Employment Regulations and Restrictions
Immigration, Minors, Overtime
Evidence of Right to Work in the United States
All newly hired employees must prove their identity and right to work in the United States. Based on the Immigration Reform and Control Act of 1986 (IRCA), it is illegal to hire an unauthorized worker. Employees must provide evidence to employers verifying their identity and right to work in the United States. Acceptable evidence/documents are listed on Form I-9.
In order for employers to protect themselves from penalties, all parishes on the Diocesan Payroll Service are requested to adhere to the requirements listed below. Please pay special attention to item 3 below. It is a requirement per IRCA.
At the time of hire employers are required:
- to have employees fill out Section 1 of Form I-9, Employment Eligibility Verification
- ensure that employees provide original documentary evidence of their identity and eligibility
- complete properly and sign the employer’s portion of I-9 (Section 2) within 3 days of the date of hire. Forward the Form I-9, along with the copies of ID’s submitted by the employees to the Diocese as part of the completed payroll enrollment packet.
The employer (parishes on the Diocesan Payroll) is responsible for ensuring completion of the entire form. The employer must complete section 2 of the Form I-9 by no later than close of business on the employee’s third day of employment services. The employer must review documentation presented by the employee and record document information on the form. Proper documentation establishes both that the employee is authorized to work in the United States and that the employee who presents the employment authorization document is the person to whom it was issued. The employer should supply to the employee the official list of acceptable documents for establishing identity and work eligibility.
The employer may accept any List A document, establishing both identity and work eligibility, or combination of a List B document (establishing identity) and List C document (establishing work eligibility), that the employee chooses to present. (the documentation presented is not required to substantiate information provided in Section 1). The employer must examine the document(s) and accept them if they reasonably appear to be genuine and relate to the employee who presents them. Requesting more or different documentation than the minimum necessary to meet this requirement may constitute an unfair immigration-related employment practice. If the documentation presented by an employee does not reasonably appear to be genuine or relate to the employee who presents them, employers must refuse acceptance and ask for other documentation from the list of acceptable documents that meets the requirements. An employer should not continue to employ an employee who cannot present documentation that meets the requirements.
Employment of Minors and Students
Minors under the age of 14
Employment is generally prohibited, unless the minor is working for a parent, and even those jobs cannot be hazardous or in mining or manufacturing.

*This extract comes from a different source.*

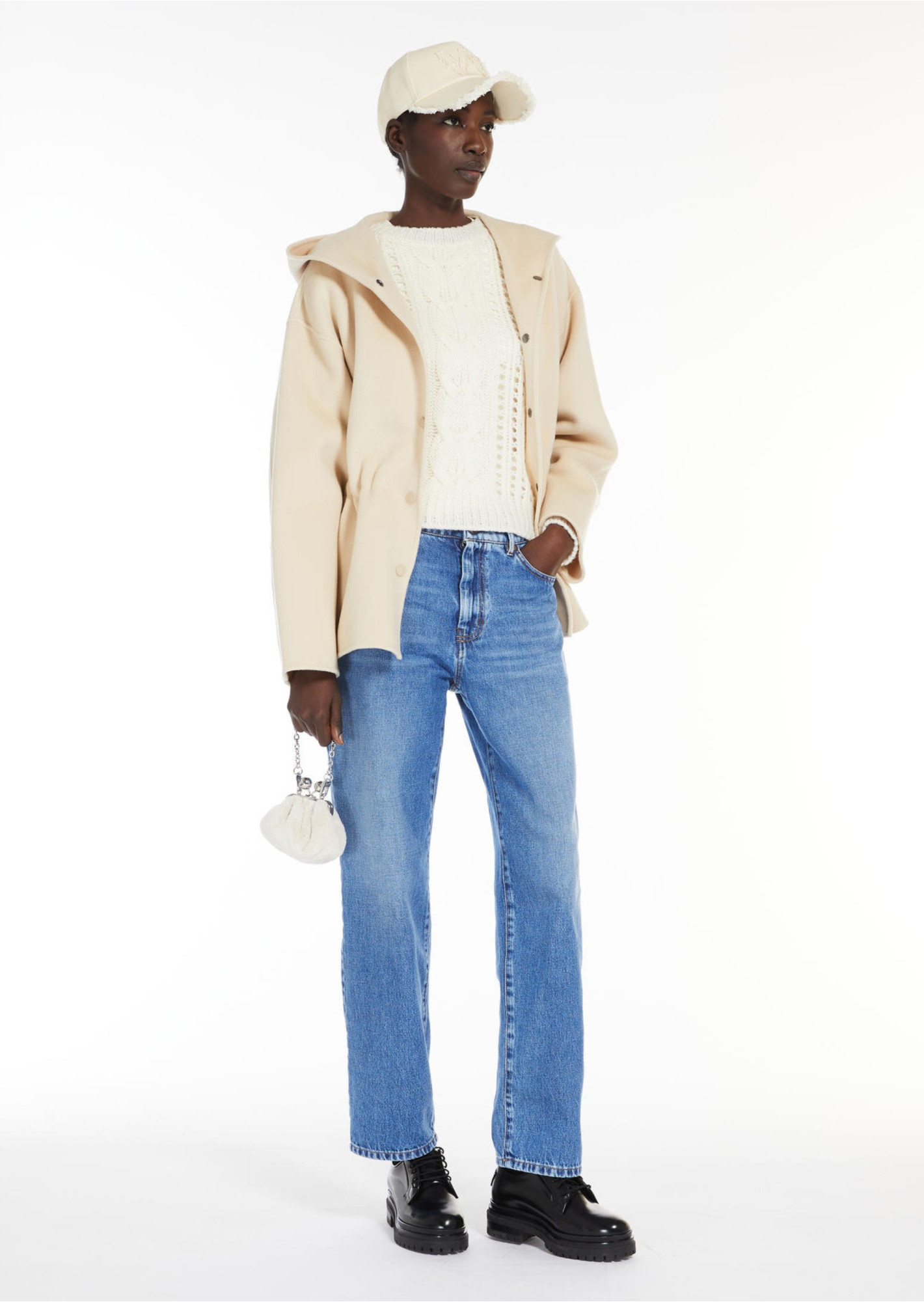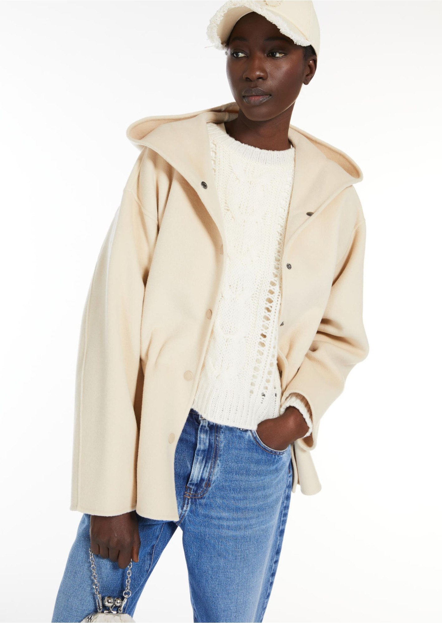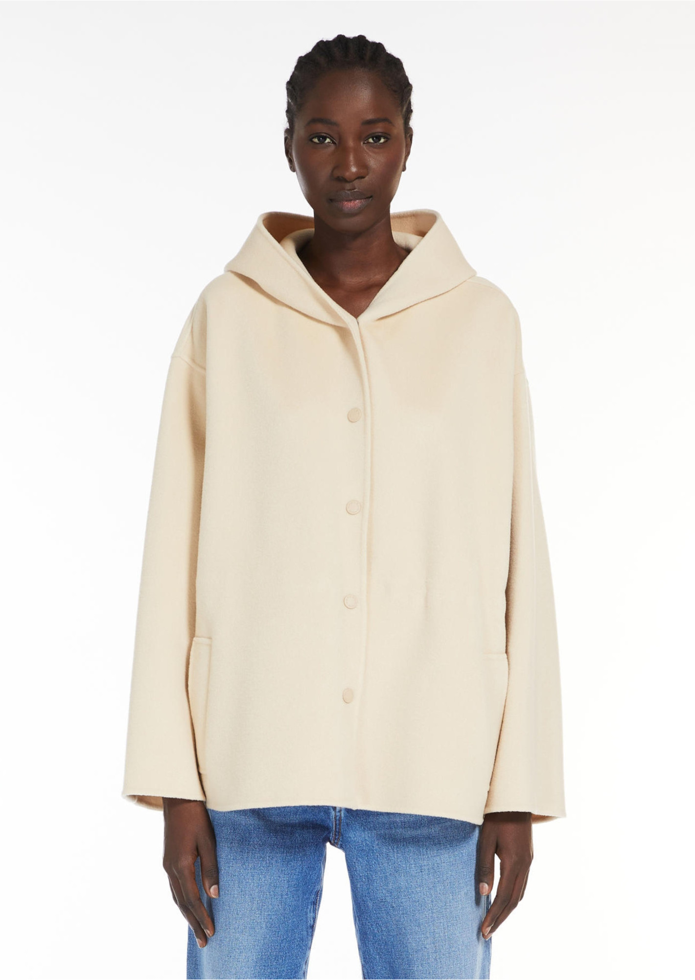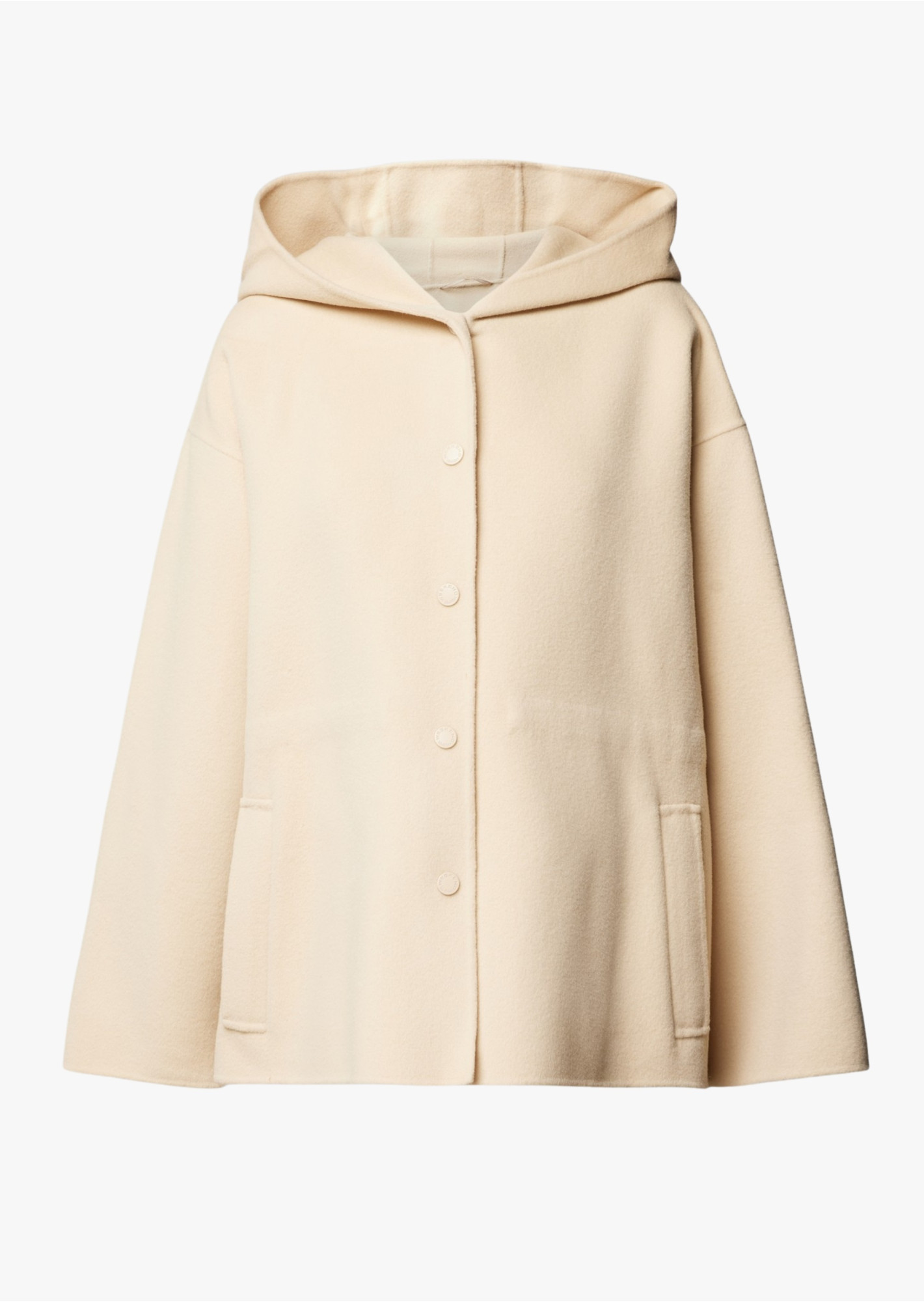 Пальто с капюшоном, выполнено из тонкой двусторонней ткани из чистой шерсти. Модель без подкладки, дополнена длинными заниженными втачными рукавами. Талия регулируется шнурком, боковые прорезные карманы.

The minimum age and hours restrictions are greatly relaxed for agricultural occupations, especially where his or her parents employ the minor. Minors working as actors or performers in the movies, television, theater or radio are exempt, as are all news carriers and home workers making Christmas wreaths.
Employers can protect themselves from child labor violations by getting from the minor proof of age in the form of an age certificate (working papers) approved or recognized by the Wage and Hour Division. Employers should request an age certificate for all prospective employees who claim to be at or near the required age for employment to protect themselves against later charges, should the minor’s documents prove to be false.
Students claiming tax-exempt status
High school and college students filing a W-4 form are not automatically exempt from withholding taxes, even though their prior year’s withholding was totally refunded. They must meet all the tests for exemption required by the IRS, including the $750 limit on income (including $250 in non-wage income) for dependents. A claim of exemption from withholding is effective for one year only. A new form W-4 must be filed by February 15th of the following year.
Overtime for Non-Exempt Employees
In accordance with the Wage and Hour provisions of the federal Fair Labor Standards Act, overtime for non-exempt employees is to be compensated for by overtime pay or compensatory time off after 40 hours of work in a week (Sunday through Saturday). There is no overtime paid for work beyond eight hours a day or for work on a day off unless the weekly time exceeds 40 hours. Overtime is paid from the point the 40-hour total is reached.
Up to 40 hours of work in a regularly scheduled workweek is paid at the regular salary rate. Work after 40 hours is to be paid at a rate of time-and-a-half of the regular salary rate. If time off is given in lieu of overtime pay, it must be taken within the same pay period and on the basis of one and one-half hours taken for every hour of overtime worked.
Overtime does not apply to exempt employees. As defined in the Fair Labor Standards Act, exempt employees generally are in executive, administrative, professional, and outside sales categories.
New overtime regulations took effect August 23, 2004. These regulations are designed to strengthen overtime protection for more than six million American workers based on the Department of Labor [DOL] release of the “FairPay” rules. The new regulations make significant changes to the exemption law related to the “minimum weekly salary” requirement and the “performance of certain job-related duties” requirement. For a detailed explanation on all areas of the FairPay rules, including details of the job duty requirements for each exemption, please visit the DOL website.